Genie Acquisition, LLC

as successor to American Realty Capital – Retail Centers of America, Inc. 

(Exact Name of Registrant as Specified in Charter)

 

Maryland   000- 55198   27-3279039

(State or other jurisdiction

of incorporation)

  (Commission File Number)  

(I.R.S. Employer

Identification No.)

 

405 Park Avenue, 14th Floor
New York, New York 10022

(Address, including zip code, of Principal Executive Offices)

 

Registrant's telephone number, including area code: (212) 415-6500

 

American Realty Capital – Retail Centers of America, Inc.

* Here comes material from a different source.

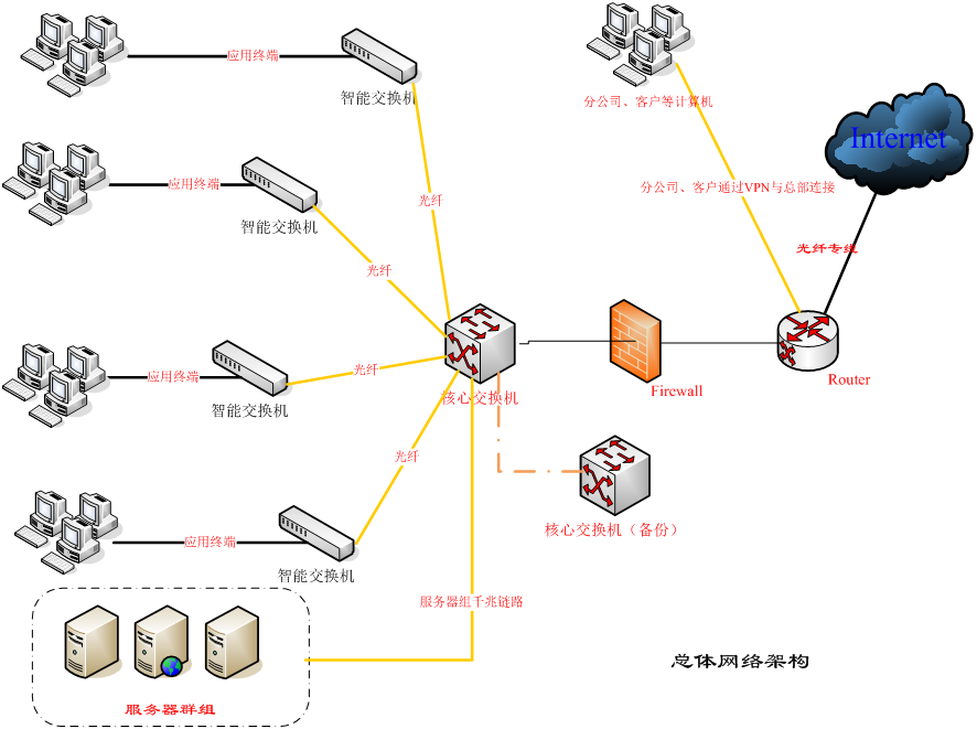通過合理規(guī)劃設(shè)計,建設(shè)完成了信息中心機房建設(shè)和各樓層的網(wǎng)絡(luò)覆蓋,滿足了******5層樓的網(wǎng)絡(luò)接入,實現(xiàn)了******商家和物業(yè)辦公網(wǎng)的有效隔離。整個項目已于2014年8月交付使用。

(Former name or former address, if changed since last report)

 

Check the appropriate box below if the Form 8-K filing is intended to simultaneously satisfy the filing obligation of the registrant under any of the following provisions:

 

¨ Written communications pursuant to Rule 425 under the Securities Act (17 CFR 230.425)
   
¨ Soliciting material pursuant to Rule 14a-12 under the Exchange Act (17 CFR 240.14a-12)
   
¨ Pre-commencement communications pursuant to Rule 14d-2(b) under the Exchange Act (17 CFR 240.14d-2(b))
   
¨ Pre-commencement communications pursuant to Rule 13e-4(c) under the Exchange Act (17 CFR 240.13e-4(c))

 

 

 

 

Item 3.03. Material Modification to Rights of Security Holders.

 

At the effective time of the Merger (as defined below), which occurred on February 16, 2017 (the “Effective Time”), each share of common stock, par value $0.01 per share (“Company Common Stock”), of American Realty Capital – Retail Centers of America, Inc. (the “Company”) issued and outstanding immediately prior to the Effective Time was converted into the right to receive 0.385 shares of common stock of American Finance Trust, Inc. (“AFIN”) and $0.95 in cash. Cash was paid in lieu of fractional shares of common stock of AFIN. In connection with the Partnership Merger (as defined below), each unit of partnership interest of the RCA OP (each, an “RCA OP Unit”) designated as either an OP Unit or a GP Unit held by RCA was exchanged for 0.385 units of limited partnership interest of the AFIN OP (“AFIN OP Units”) and each RCA OP Unit (other than those held by RCA), including each RCA OP Unit designated as a Class B Unit, was exchanged for 0.424 AFIN OP Units.

 

In addition, immediately prior to the Effective Time, the vesting of certain shares of Company restricted stock was accelerated, and each such share was converted into the right to receive 0.385 shares of common stock of AFIN.

 

Item 5.01. Changes in Control of Registrant.

 

On February 16, 2017, the Company completed its merger (the “Merger”) with Genie Acquisition, LLC (“Merger Sub”), a Maryland limited liability company and a wholly owned subsidiary of AFIN, whereby the Company merged with and into Merger Sub, with Merger Sub surviving as a wholly owned subsidiary of AFIN (the “Surviving Entity”). The Merger was effected pursuant to an Agreement and Plan of Merger dated as of September 6, 2016 (the “Merger Agreement”), by and among the Company, AFIN, Merger Sub, the Company Operating Partnership, and the AFIN Operating Partnership. In addition, pursuant to the Merger Agreement, the Company Operating Partnership completed its merger (the “Partnership Merger”) with and into the AFIN Operating Partnership, with the AFIN Operating Partnership being the surviving entity.

 

The Partnership Merger became effective at 4:15 p.m. pursuant to the Certificate of Merger filed with the State Department of Assessments and Taxation of Maryland with an effective date of February 16, 2017. The Merger became effective at 4:30 p.m. pursuant to the Articles of Merger filed with the State Department of Assessments and Taxation of Maryland with an effective date of February 16, 2017.

 

The foregoing description of the Merger Agreement does not purport to be complete and is qualified in its entirety by reference to the full text of the Merger Agreement, a copy of which was filed as Exhibit 2.1 to the Company’s Current Report on Form 8-K filed with the Securities and Exchange Commission on September 7, 2016.

 

The Company and AFIN were each sponsored, directly or indirectly, by AR Global Investments, LLC (“AR Global”). AR Global and its affiliates provides investment and advisory services to AFIN, and previously provided such services to the Company, pursuant to written advisory agreements.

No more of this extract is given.